Senior Manager, Security Governance, Risk, and Compliance

Hi, we're Oscar. We're hiring a Senior Manager, Security Governance, Risk, and Compliance to join our Security team.

About the role

In this role, you will be responsible for leading and managing a cross-functional team charged with the development and maintenance of Oscar’s Information Security policies, cybersecurity risk management, and compliance efforts in a highly regulated industry. You will identify opportunities to automate processes critical to meeting and exceeding Oscar’s compliance obligations to our regulators across a variety of frameworks. The GRC team works across a wide variety of stakeholders across the Oscar organization, and serves as an interpreter of technical controls for those various teams to identify effective means of implementing and demonstrating compliance.  You will be involved in shaping and driving Oscar’s GRC strategies through proactive measures and continuous improvement, and a demonstrated curiosity on continuously evolving our approaches. 

You will report into the Chief Information Security Officer. 

Work Location:

Oscar is a blended work culture where everyone, regardless of work type or location, feels connected to their teammates, our culture and our mission. 

If you live within commutable distance to our New York City office (in Hudson Square), our Tempe office (off the 101 at University Dr), or our Los Angeles office (in Marina Del Rey), you will be expected to come into the office at least two days each week. Otherwise, this is a remote / work-from-home role.  

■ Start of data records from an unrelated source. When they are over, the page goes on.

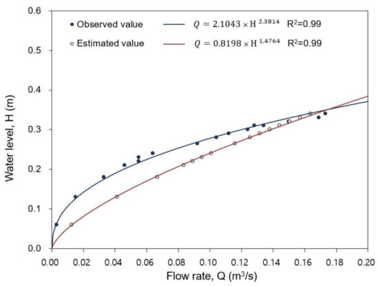 Figure 4 illustrates a comparison of the observed and estimated flow values, based on whether the flow was measured in the canal. The white circles denote the actual flow values; the water level–flow relationship equation was calculated using the following equation:
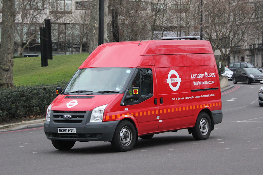 | Details: Apart from the additional side lettering, the four Smith Edison electric Ford Transit vans used by London Buses Infrastructure are virtually indistinguishable from the normal diesel versions. Two of the four are based at Victoria Coach Station and are somewhat hard to see. They are presumably kept (and recharged) in the basement car park there. Colin caught 7162F rounding Hyde Park Corner on 21st December 2012. LBSL Infrastructure has a fleet of 18 VW Transporter vans new in 2009/2010 which are probably coming up for replacement soon. It will be interesting to see whether the replacements include any more 'green' vehicles. | |||
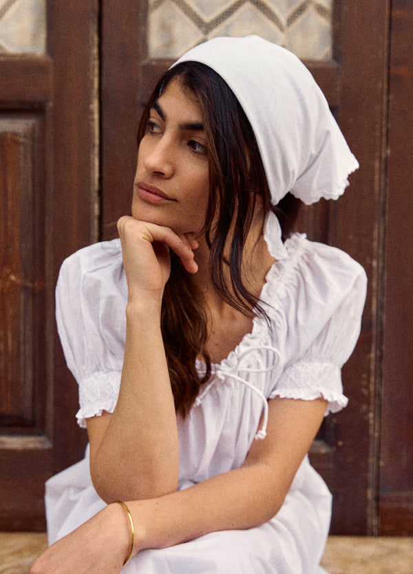 Headscarf - White Embroided
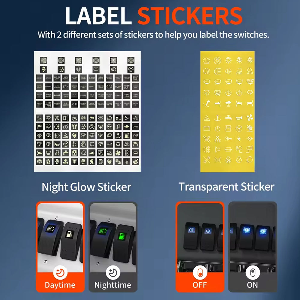 *DIY Sticker: The package of this boat switch includes two type of stickers: transparent sticker and night glow sticker, which provide more options for the customers to make their own boat rocker switch.
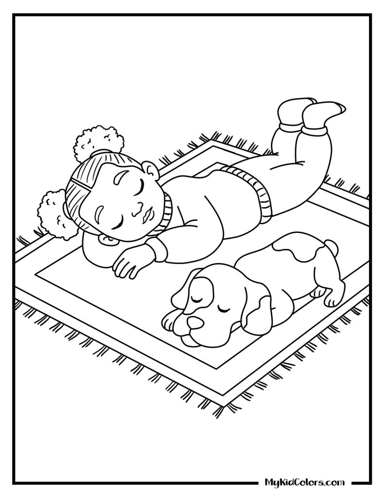 - Quiet Rest: A cozy preschooler taking a deep breathing moment (Page 4) and a sweet child resting peacefully with their dog (Page 5). These are wonderful calming coloring pages for early learners.
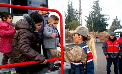 Reyhanlı ilçesindeki Cilvegözü Sınır Kapısı'na yönelen Suriyeliler, güvenlik güçlerinin düzen sağladığı bariyer koridorlarında sıralarını bekliyor. Özellikle kadın ve çocuklara öncelik tanınırken, Sınır Kapısı'nda görev yapan jandarma ekipleri, çocuklara özel bir ilgi gösteriyor.
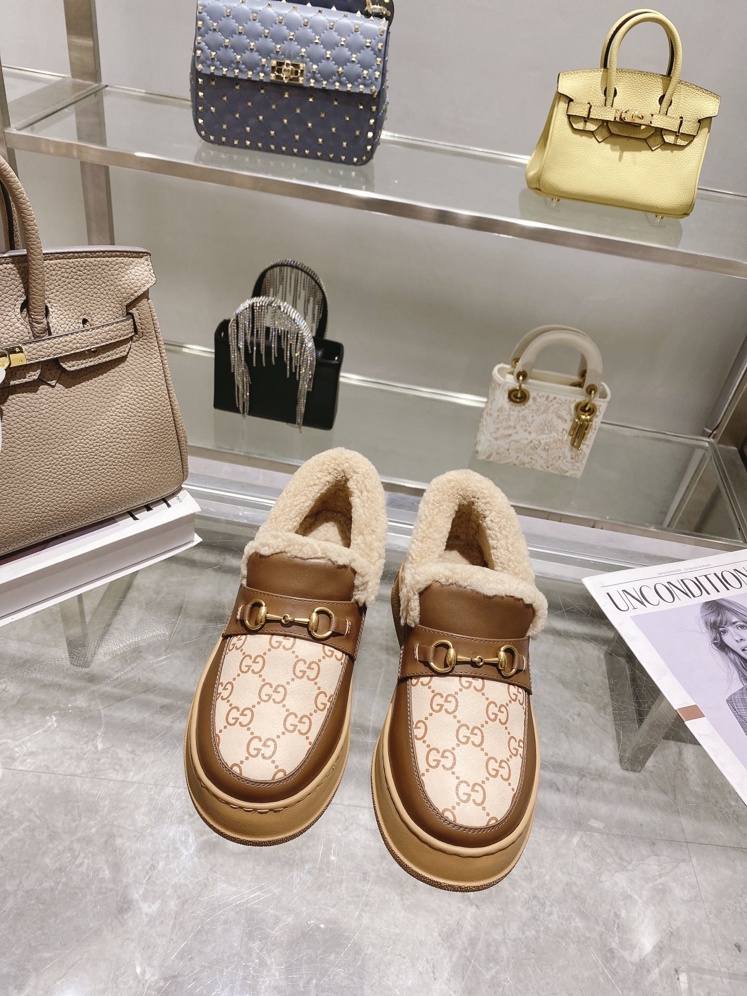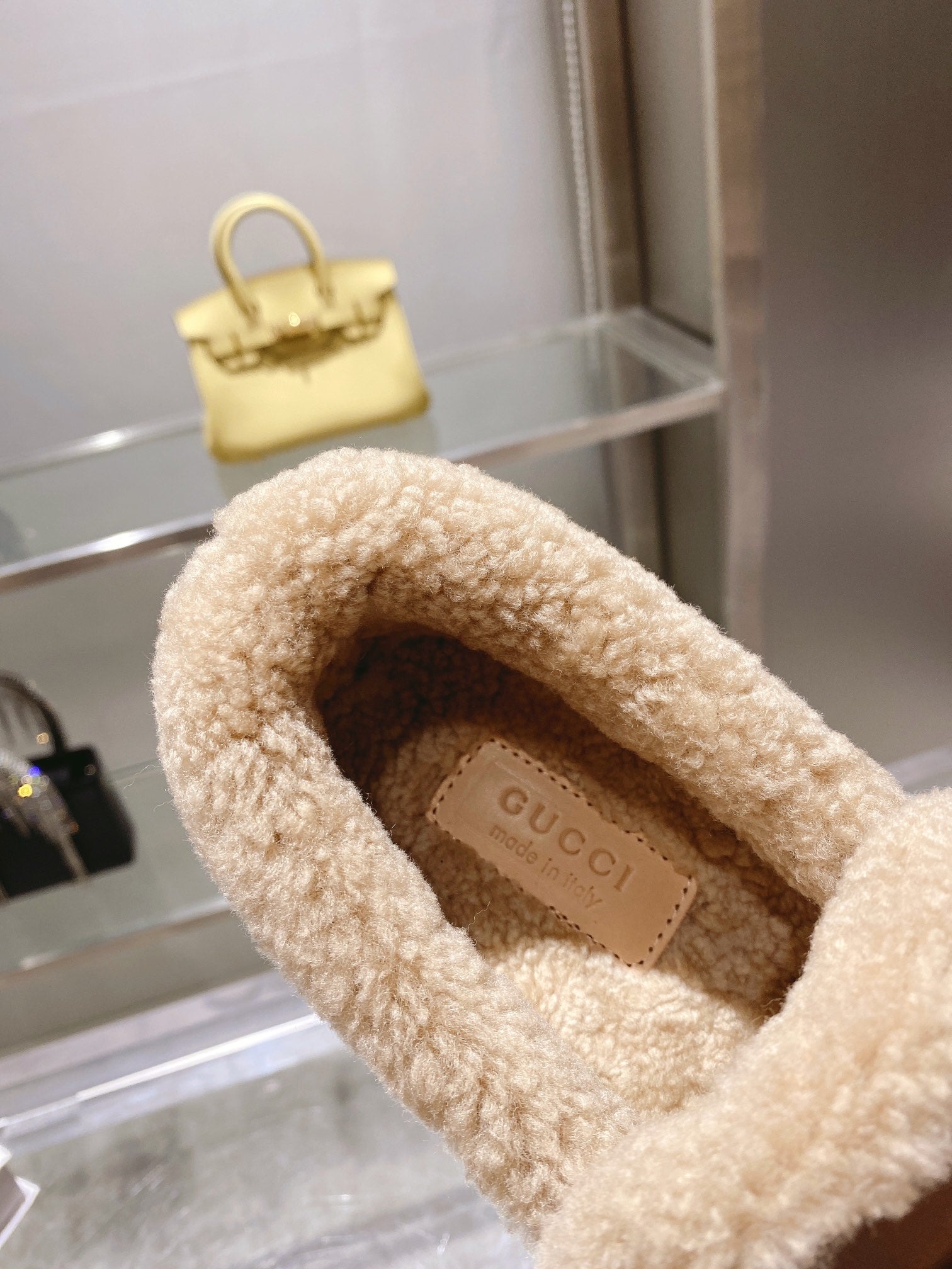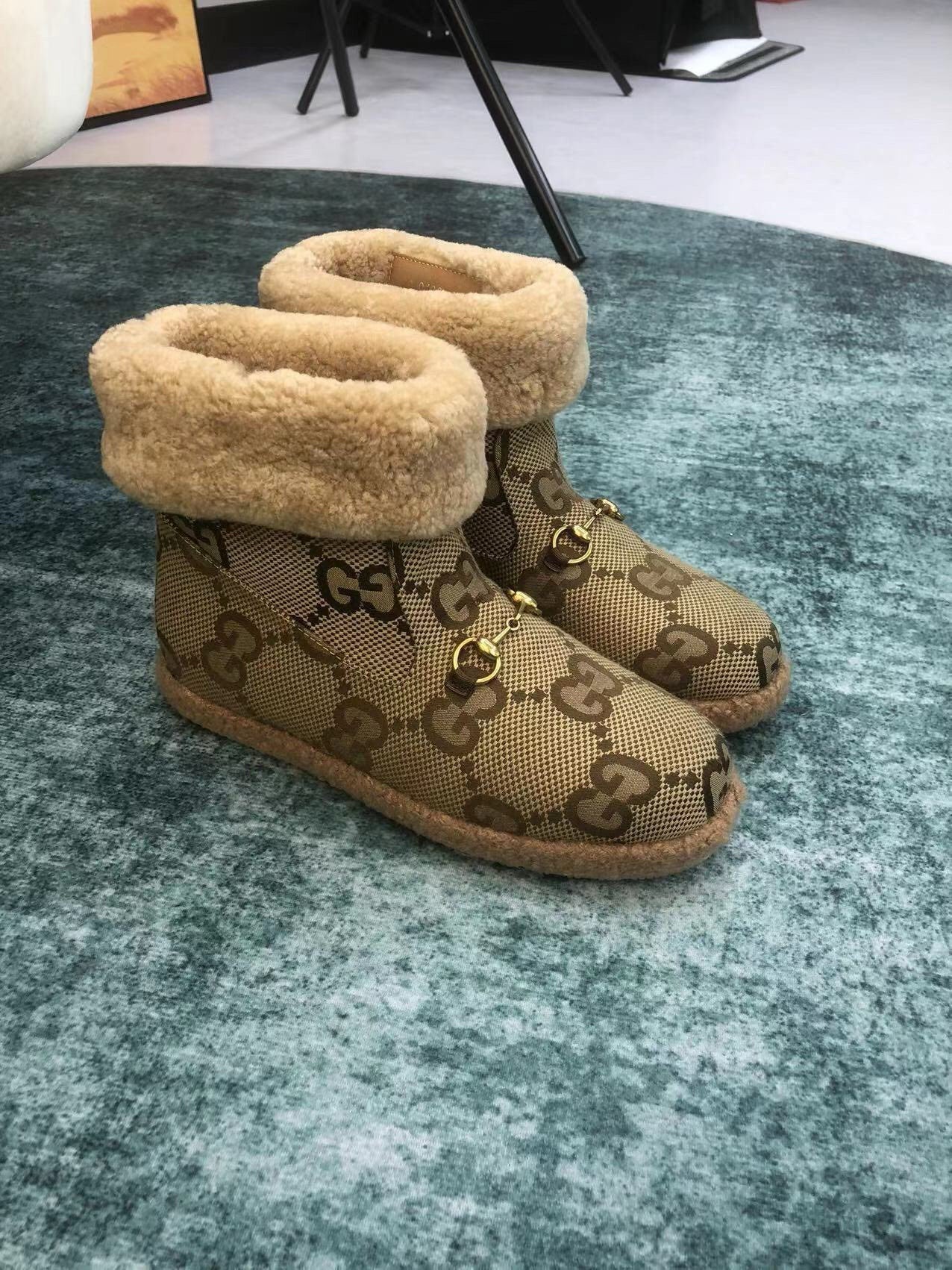 GG Horsebit Snow Boots Beige Woolen Fabric Fleece 576253
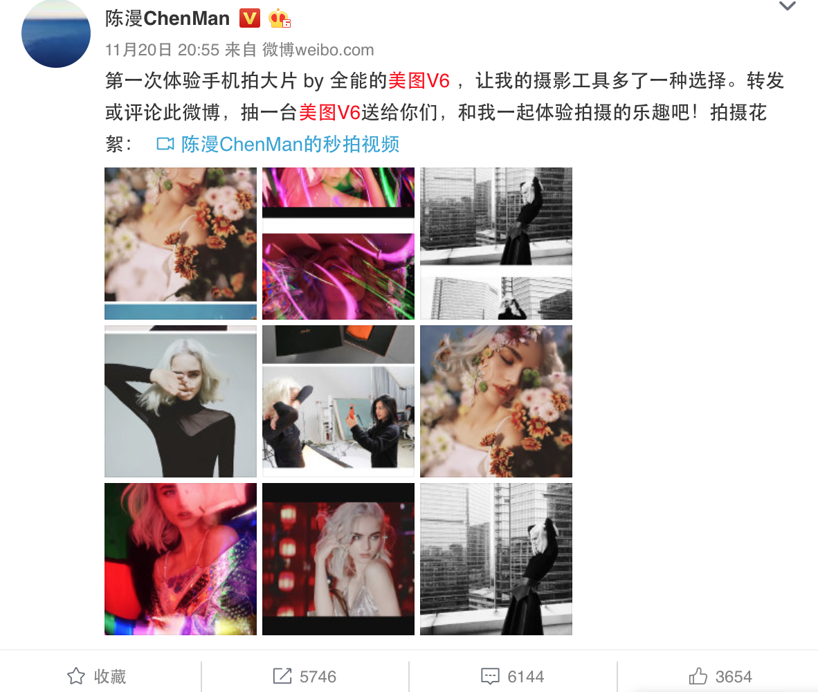 此外“天王嫂”方媛、时尚潮人韩火火、左岸潇、张沫凡、HoneyCC等也都曾在社交平台表达过对美图V6的喜爱。
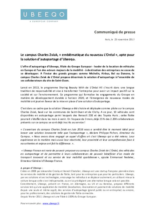 L’offre d’autopartage d’Ubeeqo, filiale du Groupe Europcar - leader de la location de véhicules en Europe et l’un des acteurs majeurs de la mobilité - à destination des entreprises ne cesse de se développer. A l’instar des grands groupes comme Michelin, Airbus, Bel ou Danone, le campus Charles Zviak de L’Oréal propose désormais la solution d’autopartage à l’ensemble de ses collaborateurs du site de Saint-Ouen.

You must reside in one of the following states: Alabama, Arizona, California, Colorado, Connecticut, Florida, Georgia, Illinois, Iowa, Kansas, Kentucky, Maine, Maryland, Massachusetts, Michigan, Minnesota, Missouri, Nevada, New Hampshire, New Jersey, New Mexico, New York, North Carolina, Ohio, Oregon, Pennsylvania, Rhode Island, South Carolina, Tennessee, Texas, Utah, Vermont, Virginia, Washington, or Washington, D.C. Note, this list of states is subject to change. #LI-Remote

Pay Transparency:

The base pay for this role is: $158,400 - $207,900 per year. You are also eligible for employee benefits, participation in Oscar’s unlimited vacation program, company equity grants, and annual performance bonuses.

Responsibilities

• Lead a team of cross-functional Governance, Risk, and Compliance (GRC) experts including guiding, mentoring and coaching the team
• Develop medium and long term strategies to improve the effectiveness and efficiency of the GRC program
• Lead collaboration across engineering and governance functions to ensure common awareness and understanding of the what and why of various GRC requirements
• Act as the primary liaison between other risk management and compliance teams at Oscar and interpret their needs of the cybersecurity program
• Lead compliance efforts providing guidance and technical expertise in relation to the cybersecurity requirements related to SOX (Sarbanes-Oxley), MAR (Market Abuse Regulation), PCI (Payment Card Industry Data Security Standard), CMS EDE (Centers for Medicare & Medicaid Services Enhanced Direct Enrollment), HIPAA (Health Insurance Portability and Accountability Act), NYDFS (New York Department of Financial Services), SOC2, HITRUST, and other relevant security and regulatory frameworks
• Manage and lead maturity assessments against cybersecurity requirements and Oscar’s current control inventory to identify areas of deficiency and potential GAPs to achieve certification or to successfully complete the audit cycle
• Manage the team responsible for Oscar’s Security inventory for audit artifacts to ensure continuity in audits and efficient response to client and regulator requests. Manage and coordinate periodic assessments, audits, and reviews to assess compliance with regulatory requirements with a focus on Cybersecurity controls and artifacts. 
• Stay up to date on the latest cybersecurity regulations, policy and news to ensure Oscar’s security program documents upcoming requirements and areas in which enhancements to process are required for alignment with the standard.
• Design, develop, and manage third-party risk management processes, including vendor assessments, due diligence, and ongoing monitoring to identify inherent and residual cybersecurity risks for tracking, monitoring and corrective action planning.
• Manage and lead the development and maintenance of cybersecurity governance, risk, and compliance policies, procedures, and standards in alignment with industry best practices and regulatory requirements with the ability to discern Oscar’s technical operations to align with the requirements dictated in policy in an effort to flag areas of deficiency or areas which require enhancement to align with current operating practices.
• Create and deliver cybersecurity training programs and awareness campaigns to educate employees and stakeholders about relevant topics and concepts related to key cybersecurity risks (i.e. Insider Threats, Data Handling and Phishing).
• Compliance with all applicable laws and regulations
• Other duties as assigned

Qualifications

• Bachelor's degree or years of equivalent experience
• 5+ years of experience related to risk management
• 4+ years of experience related to project management
• Experience developing GRC programs  in a cloud and SaaS environment.

Bonus Points

• Prior work experience in or understanding of security challenges specific to the healthcare or health insurance industries
• Prior experience managing individual contributors.